I was in a similar situation not ling ago. But the guy was 10 years older than me. But we hit it off after the first date. And five months in he started saying some of those same things, where he was scared to saying you know that famous line. It's not you it's me, to I don't know what I want. So yes ....shocked was what I was. But I pulled back and gave him his space. And went back to doing what I was doing hanging with friends and family. And he also contined to text very little I might add. And I replied jyst because I 5hought it was the polite thing to do. But that was it. Then I didn't hear from him for a while. Maybe a week and the bext thing I know he text me asked me and said have a wonderful day. Abd I said" you do the same" then he asked me over we talked and as we continue to talk things came out.
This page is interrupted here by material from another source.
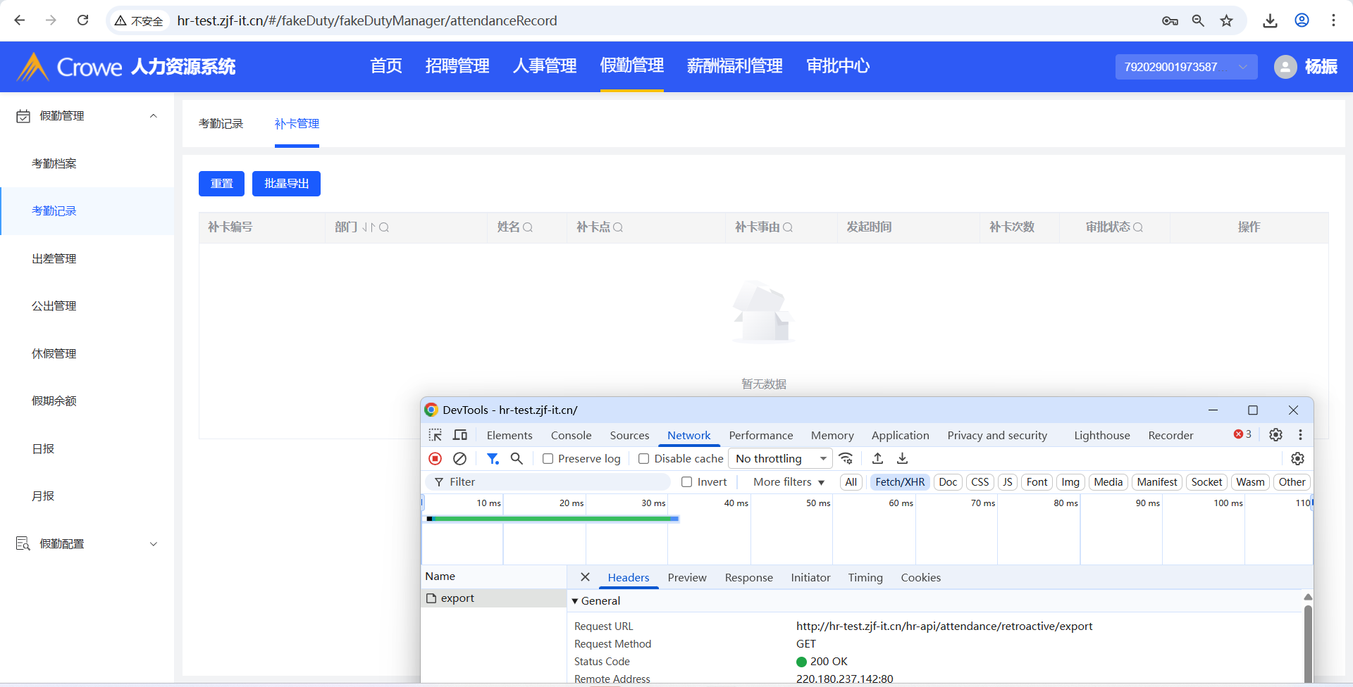 已关闭人力资源系统-假勤管理-考勤记录,补卡管理-批量导出,当前页面无数据,批量导出的文档中却含有其他部门员工的数据,需做权限设置(接口:/attendance/retroactive/export)

But to make a long story short (sorry). But yes pull back give it time honey if it's ment to be it will happen. He just maybe trying 5o figure if he's ready for another serious relationship after coming from one. It doesn't matter how old you are or how long you've been together we all get confused about things. I wish you the best of luck shocked, but time will tell just dont stop living your life.
Jane says
Thank you for sharing your own story here, Annie. So true that we can all be confused about different things at different stages and ages of our lives! What matters is whether these things bring us closer together, or push us farther away. In the end, the reality of what actually is always replaces the fantasy of what we so want it to be.